Cannes 2018 : Critique à chaud de Yomeddine d'Abu Bakr Shawky

Simon Riaux | 10 mai 2018 - MAJ : 09/03/2021 15:58
Simon Riaux | 10 mai 2018 - MAJ : 09/03/2021 15:58

Abu Bakr Shawky se dévoile à Cannes avec Yomeddine, qui lui vaut d'être le plus jeune metteur en scène de 2018 à concourir à la Palme d'Or. Curiosité redoublée par la nature du projet : un road trip égyptien aux côtés d'un lépreux à la recherche de sa famille, interprété par une authentique victime de la maladie.

 

PAS DE BRAS


Les premières minutes de Yomeddine impressionnent. Baigné dans une lumière azuréenne, nous découvrons le corps et le visage de Rady Gamal, vulnérable, grêlé de cicatrices, il constitue un paysage vierge et tourmenté, exploré pour la première fois par une caméra de cinéma.
Expérience inédite, immersion radicale. L'effet est évidemment saisissant et assure d'autant plus au métrage une grande puissance qu'il déjoue dans un premier temps les attendus du drame de festival édifiant et doloriste. Extrêmement rythmé, bourré de rebondissements et ne surjouant jamais le catalogue de souffrances, le périple de Beshay parvient à nous emmener et à divertir avec une facilité déconcertante.

 

photo Yomeddine


PAS DE CHOCOLAT


Mais ces réelles qualités sont progressivement balayées par deux écueils majeurs.
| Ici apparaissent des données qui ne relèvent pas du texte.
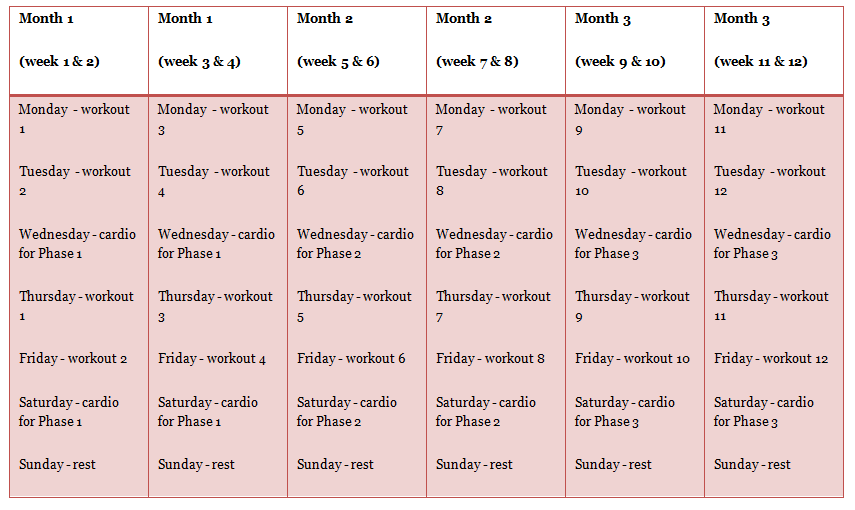 Кардио тренировку мы делаем 1 месяц в среду и пятницу, затем меняем, для каждой фазы она своя. Основные тренировки меняются каждые 2 недели, таким образом каждая фаза содержит 2 набора тренировок. Воскресенье всегда выходной-отдыхайте)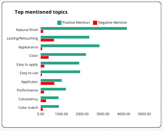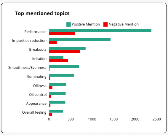 Based on our analysis, while Performance is one of the product's most positively mentioned aspects, Breakout and Irritation are its top negatively mentioned features, especially when these are associated with a lack of visible results.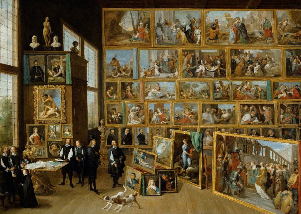 Un’immagine riassume perfettamente questo momento. Nel dipinto Archduke Leopold Wilhelm in His Gallery at Brussels, David Teniers il Giovane raffigura l’arciduca circondato da cortigiani davanti a decine di dipinti italiani appesi alle pareti. L’opera sembra quasi un catalogo visivo della collezione, ma è soprattutto una dichiarazione di potere: possedere l’arte significa anche rivendicare il diritto di ordinarla, mostrarla e trasformarla in autorità culturale.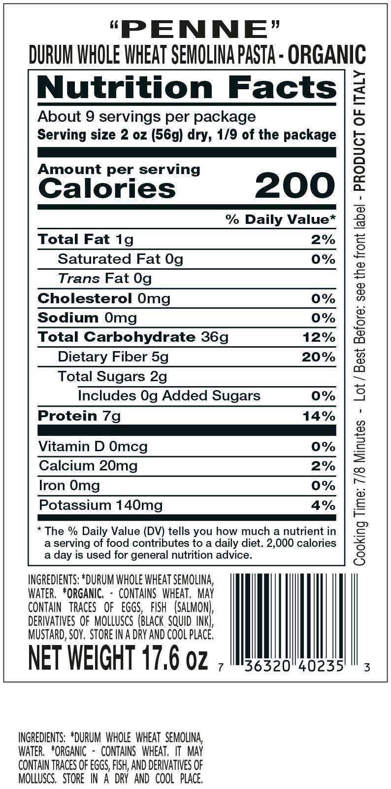 Antichi Poderi Toscani Organic Whole Wheat Penne Pasta 17.6oz/500g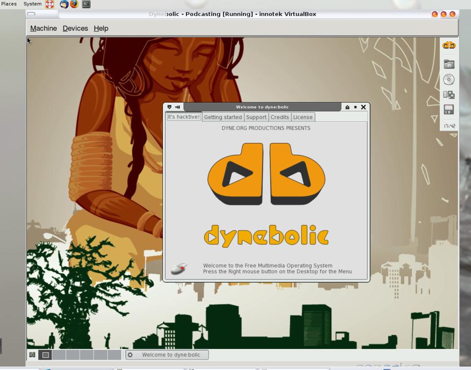My new group membership is all I need to launch my virtual machine successfully, and I am now running dyne:bolic in VirtualBox on my Ubuntu Gutsy machine (Figure 11). I have good reasons for wanting to run dyne:bolic in a virtual machine—primarily because dyne:bolic doesn't like my actual video card, an ATI x1400, but it has no problems with the innotek virtual VGA driver. I also get the added benefit of not having to boot my system in dyne:bolic, so I retain access to my host machine while I'm using it.

Le premier vient tout simplement de la mise en scène, ou plutôt de son absence. Abu Bakr Shawky ne parvient jamais à chorégraphier, découper, ordonner son action et les mouvements qu'elle génère. Réduit à scruter le visage de son épatant comédien, il révèle en creux que sous ses airs de quête de dignité, son projet de cinéma se limite finalement à enregistrer le martyr lumineux d'un damné de la terre, immortaliser la condition de lépreux. Une absence de discours qui confine par endroits à la putasserie la plus basse.

 

photo Yomeddine


L'épilogue vient confirmer la fragilité de l'édifice et les contradictions qui le minent quand, en une poignée de séquences, le scénario vient non seulement justifier le sort fait à Beshay, transformant l'inhumanité de ses bourreaux en compassion, et sa léproserie carcérale en ultime refuge.
Yomeddine se mue alors précisément en ce qu'il se devait d'éviter, à savoir une carte postale destinée aux festivaliers occidentaux désireux de sortir de projection les yeux humides. Humides et propres.

 
Yomeddine évite le piège de la dépression lourdingue pour mieux se vautrer dans une bonne conscience putassiere.